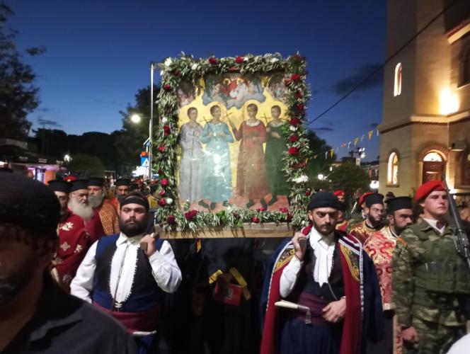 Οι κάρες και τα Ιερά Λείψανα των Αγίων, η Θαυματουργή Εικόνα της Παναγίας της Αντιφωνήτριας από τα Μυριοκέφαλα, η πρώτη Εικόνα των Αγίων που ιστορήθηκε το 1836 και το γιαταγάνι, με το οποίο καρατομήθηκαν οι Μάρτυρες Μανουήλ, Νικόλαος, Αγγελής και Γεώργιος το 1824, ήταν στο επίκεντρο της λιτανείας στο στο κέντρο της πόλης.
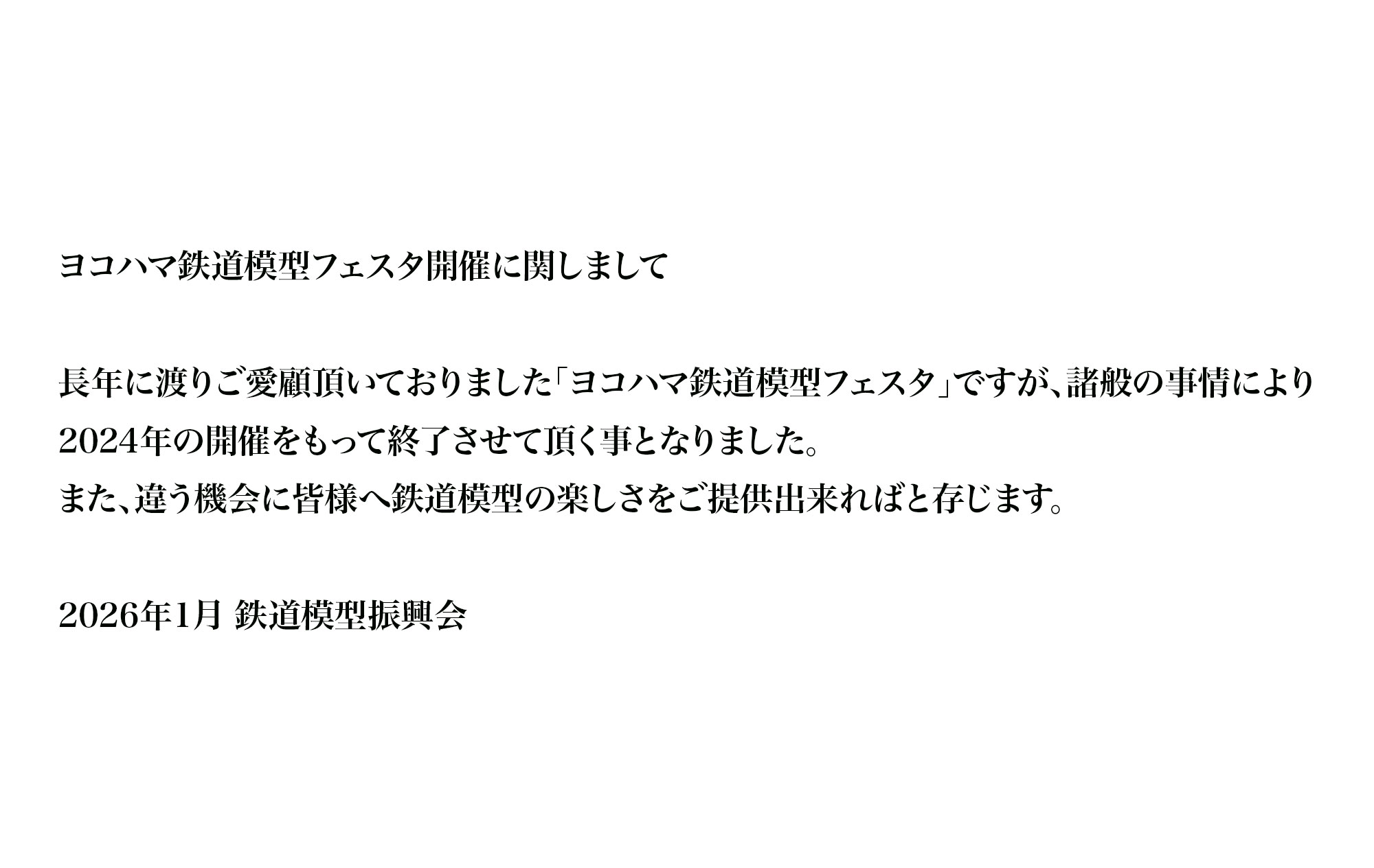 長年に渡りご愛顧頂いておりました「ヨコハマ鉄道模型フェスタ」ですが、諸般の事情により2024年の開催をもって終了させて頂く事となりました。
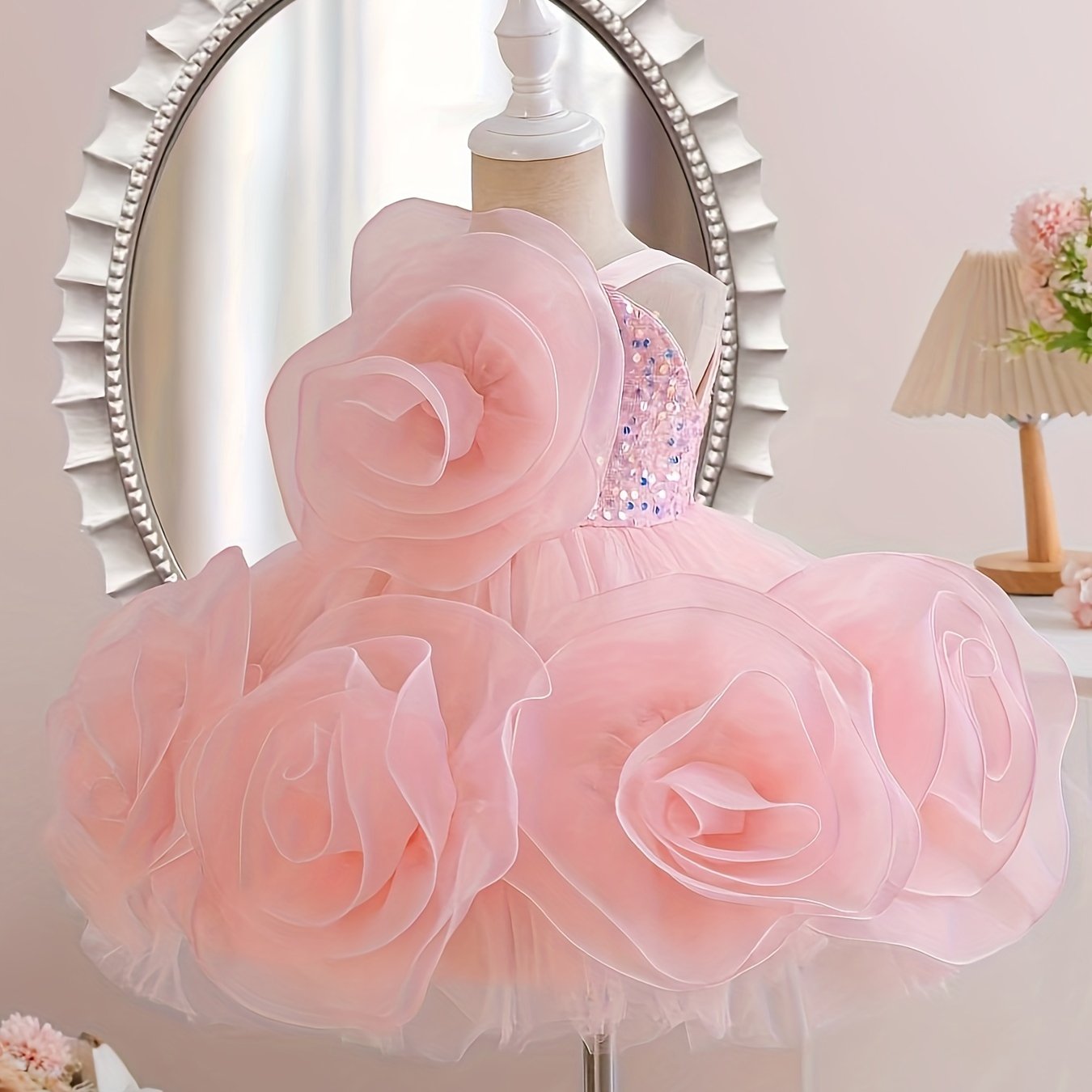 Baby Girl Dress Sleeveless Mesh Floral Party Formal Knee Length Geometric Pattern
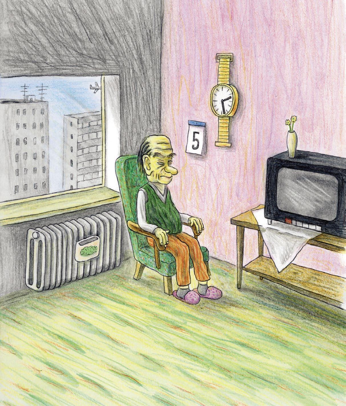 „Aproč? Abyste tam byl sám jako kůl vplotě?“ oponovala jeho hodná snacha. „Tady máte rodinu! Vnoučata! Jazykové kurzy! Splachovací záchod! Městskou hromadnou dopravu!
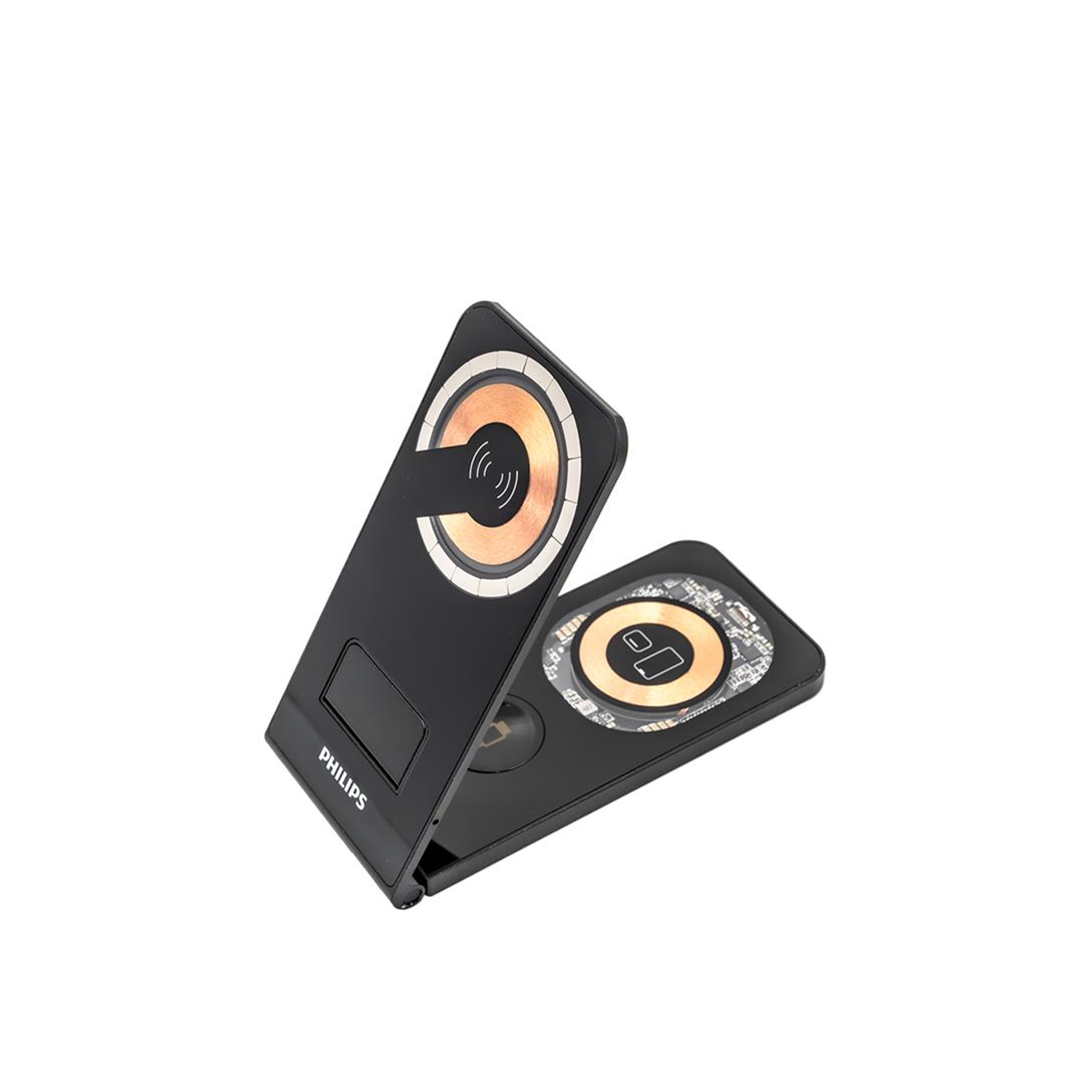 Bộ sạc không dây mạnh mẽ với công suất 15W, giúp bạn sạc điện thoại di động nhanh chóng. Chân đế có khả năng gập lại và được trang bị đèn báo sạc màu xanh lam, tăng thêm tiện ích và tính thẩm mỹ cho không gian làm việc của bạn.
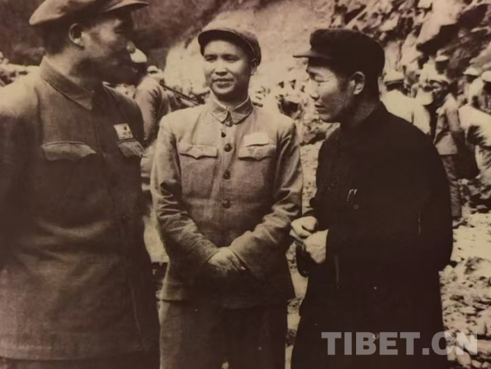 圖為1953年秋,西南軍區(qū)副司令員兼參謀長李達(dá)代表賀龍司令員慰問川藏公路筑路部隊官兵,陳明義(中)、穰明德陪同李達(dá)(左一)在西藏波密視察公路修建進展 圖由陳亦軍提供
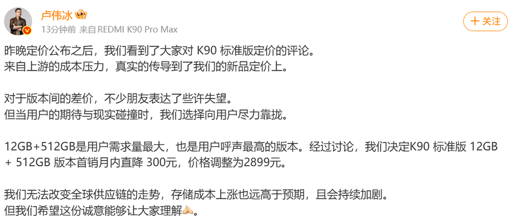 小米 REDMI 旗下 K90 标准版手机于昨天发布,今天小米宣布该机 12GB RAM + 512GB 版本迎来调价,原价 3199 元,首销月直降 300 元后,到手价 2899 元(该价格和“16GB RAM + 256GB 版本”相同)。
────────────────────────────────────────
**Task brief:**
Only the line with "圖為1953年秋,西南軍區(qū)副司令" and those preceding it, back to the first line of the entries, should be repeated exactly, without pictures.

**Output below:**
 Οι κάρες και τα Ιερά Λείψανα των Αγίων, η Θαυματουργή Εικόνα της Παναγίας της Αντιφωνήτριας από τα Μυριοκέφαλα, η πρώτη Εικόνα των Αγίων που ιστορήθηκε το 1836 και το γιαταγάνι, με το οποίο καρατομήθηκαν οι Μάρτυρες Μανουήλ, Νικόλαος, Αγγελής και Γεώργιος το 1824, ήταν στο επίκεντρο της λιτανείας στο στο κέντρο της πόλης.
 長年に渡りご愛顧頂いておりました「ヨコハマ鉄道模型フェスタ」ですが、諸般の事情により2024年の開催をもって終了させて頂く事となりました。
 Baby Girl Dress Sleeveless Mesh Floral Party Formal Knee Length Geometric Pattern
 „Aproč? Abyste tam byl sám jako kůl vplotě?“ oponovala jeho hodná snacha. „Tady máte rodinu! Vnoučata! Jazykové kurzy! Splachovací záchod! Městskou hromadnou dopravu!
 Bộ sạc không dây mạnh mẽ với công suất 15W, giúp bạn sạc điện thoại di động nhanh chóng. Chân đế có khả năng gập lại và được trang bị đèn báo sạc màu xanh lam, tăng thêm tiện ích và tính thẩm mỹ cho không gian làm việc của bạn.
 圖為1953年秋,西南軍區(qū)副司令員兼參謀長李達(dá)代表賀龍司令員慰問川藏公路筑路部隊官兵,陳明義(中)、穰明德陪同李達(dá)(左一)在西藏波密視察公路修建進展 圖由陳亦軍提供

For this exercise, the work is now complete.